[Collected data entries]
○ ○ ○ ○

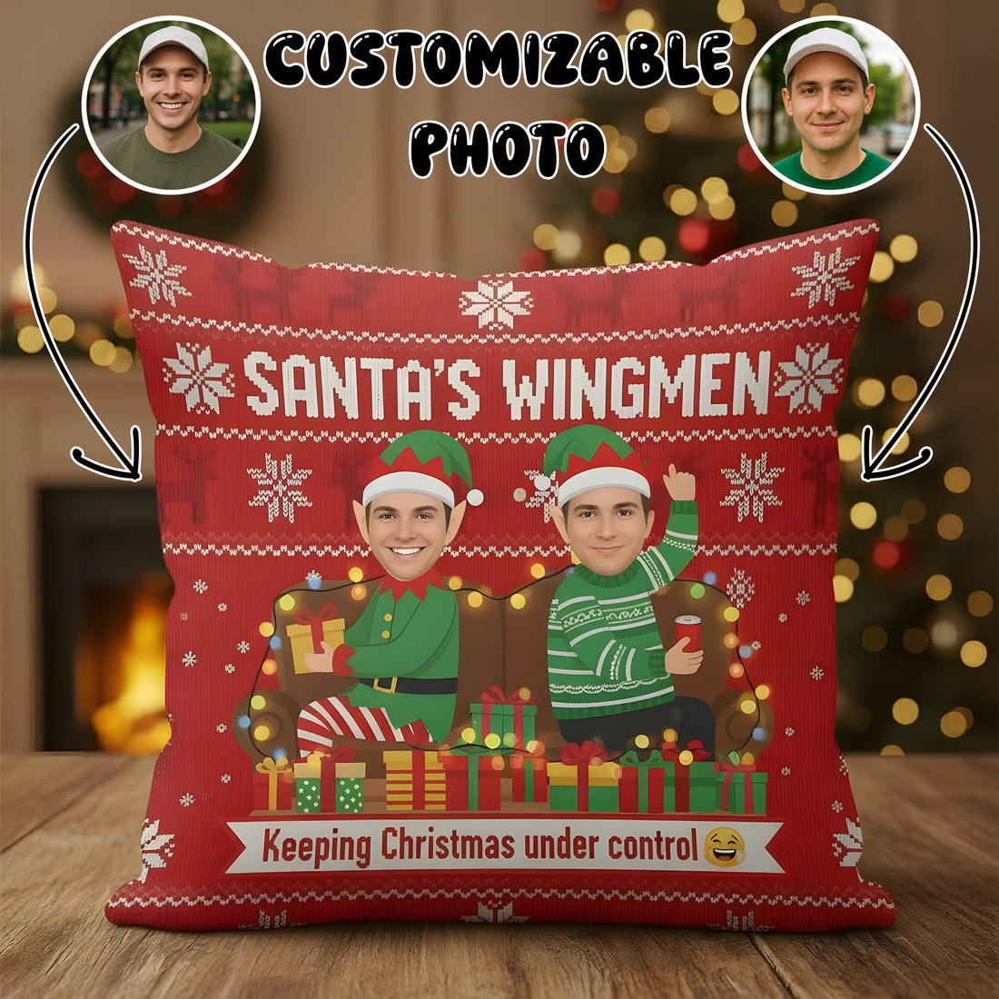 Custom Santa’s Wingmen Pillow – Funny Christmas Gift for Friends, Personalized Elf Design Cushion, Holiday Home Decor | Pillow27
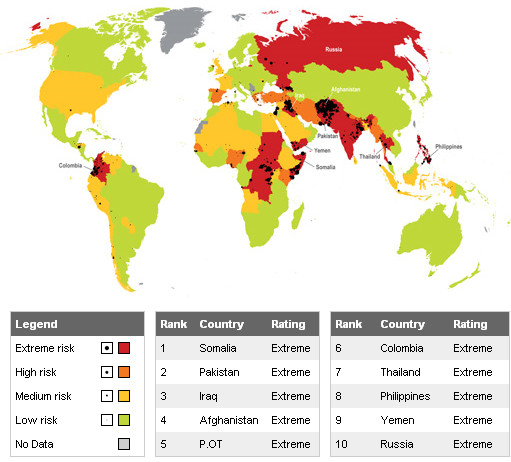 That, in some ways, in the point, Bennie. Whatever “terrorism” is, it’s nothing that really affects Mexico. Gangsters are not politically motivated (beyond wanting a state that doesn’t interfere with their business… in that being no different than any other trade group). You’d probably have to plow through Maplecroft’s data (which they probably charge for) to find their parameters for coming up with the data they did, but the countries shown as “high risk” are all those with serious political and social struggles.
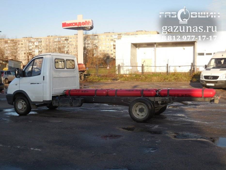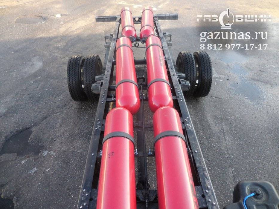 6. рекомендованный баллон: 6 цилиндрических баллонов объемом по 50л, общий объём 300л. (заправочная емкость 70 кубометров сжатого природного газа) под борт автомобиля
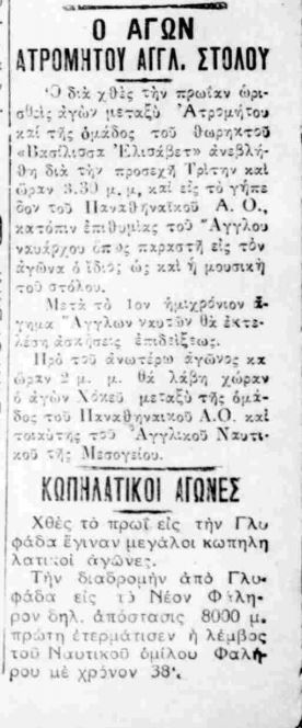 Διάφορες αθλητικές ειδήσεις της εποχής. Ο αγώνας του ατρομήτου με ομάδα του αγγλικού στόλου και κωπηλατικοί αγώνες από την Γλυφάδα ως το Νέο Φάληρο.
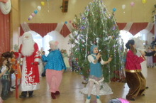 Новый год спешит к нам, и ребята веселятся на праздничных ёлках. В этом году ребят пришли поздравить герои сказки «По щучьему велению» - Емеля, Царь и Царевна Несмеяна, белая лошадка Савраска, забавные зверушки Хрюша и Гаврюша, и конечно Дедушка Мороз со Снегурочкой.

○ ○ ○ ○

- What you have to do:
What do the lines above say from the line containing "Διάφορες αθλητικές ειδήσεις" through the last line? Quote them exactly, both ends included, and leave out the pictures.

- Task solution:
 Διάφορες αθλητικές ειδήσεις της εποχής. Ο αγώνας του ατρομήτου με ομάδα του αγγλικού στόλου και κωπηλατικοί αγώνες από την Γλυφάδα ως το Νέο Φάληρο.
 Новый год спешит к нам, и ребята веселятся на праздничных ёлках. В этом году ребят пришли поздравить герои сказки «По щучьему велению» - Емеля, Царь и Царевна Несмеяна, белая лошадка Савраска, забавные зверушки Хрюша и Гаврюша, и конечно Дедушка Мороз со Снегурочкой.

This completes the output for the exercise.